Últimamente, he escrito principalmente sobre la vida cotidiana y, a

petición de algunos lectores, he escrito sobre algunas personas y

acontecimientos en la casa del patio.

 Pero no me parece bien, es como dejar el coche en la autopista y luego

huir.

 La vida sin coche es tan aburrida…

 Así es el mundo. Algunas personas se esfuerzan al máximo por

complacer a sus diosas, sin darse cuenta de que sus diosas están pensando

en otra persona...

 Lo que se obtiene con demasiada facilidad siempre se desecha como

basura; lo inalcanzable permanece siempre en constante movimiento...

 En cuanto el tercer tío entró en casa de Xia Chen, dijo: "¡Xia, tu comida

huele de maravilla! ¡Podía olerla desde el patio delantero!".

 Xia Chen sonrió: "Me gusta pensar en esto cuando no tengo nada que

hacer. Tercer tío, mírate, has venido hasta aquí, ¿por qué trajiste vino?"

 Al ver la botella de licor medio vacía en la mano del anciano, que

seguramente estaba diluida con agua del grifo, Xia Chen se quedó sin

palabras. Es común llevar regalos al visitar a alguien para comer, simplemente

para no quedar mal, pero esto era peor que llegar con las manos vacías.

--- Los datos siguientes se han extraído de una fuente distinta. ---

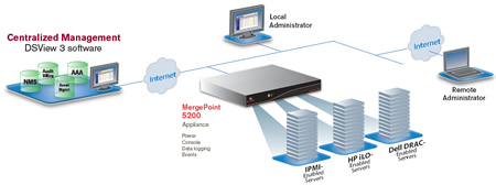 The Avocent MergePoint 5200 management gateway appliance enables IT professionals to perform secure, remote server management from any location using embedded server management technologies, specifically, Intelligent Platform Management Interface (IPMI), Dell Remote Access Cards (DRAC) and HP Integrated Lights Out (iLO).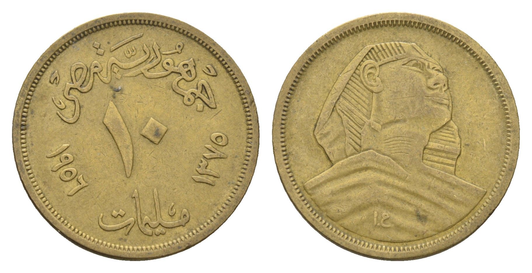 Египет 10 миллим 1956 KM 381 алюминиевая бронза 4660-1226

 En cuanto al tercer tío, solía tomarse unas copas de vez en cuando, pero

también era tacaño, así que solo bebía dos onzas de licor suelto y ocho onzas

de agua. Llenaba el vaso hasta la mitad con agua, así que al final era difícil

distinguir si bebía licor o agua..

El tío San no se sintió avergonzado en absoluto: Bueno, ya que tienes

auténtico Niu Er (un tipo de carne de res), el tío San también se permitirá este

lujo por una vez.

 ¡Mira qué realista se ve tu plato! Esas rebanadas grandes y aceitosas de

carne... De hecho, Xia Chen tiene vinos aún mejores en su local, como los que

se producen allí mismo, e incluso algunos Xifeng, Wuliangye y Moutai.

 Esto demuestra que hay que servir el plato adecuado a la persona

adecuada; servir demasiado no es bueno.

 Después de sentarse, bebieron tres tazas para animar el ambiente y

luego empezaron a hablar.

 Xia Chen: Tío, la razón por la que te invité a tomar algo esta vez es

porque tengo un pequeño favor que pedirte. Tengo una chica aquí que

necesita clases particulares...

 Xia Chen explicó entonces la situación de Zheng Juan y dijo: "Por

supuesto, no te dejaré trabajar gratis. Te pagaré dos centavos por cada hora

de tutoría. ¿Qué te parece?".

 Al tratar con el Tercer Tío, hablar directamente de dinero es más efectivo

que cualquier otra cosa. Sin embargo, dado que es un anciano en el mismo

patio, darle órdenes directamente sería una falta de respeto, así que Xia Chen

sacó el tema durante la cena, para no avergonzarlo.

 Como dice el refrán, cuando estés en una posición elevada, trata a los

demás como seres humanos; cuando estés en una posición baja, trátate

como un ser humano. Solo así podrás tener siempre claridad sobre ti mismo,

evitar agobiarte por los asuntos mundanos y no perder tu esencia.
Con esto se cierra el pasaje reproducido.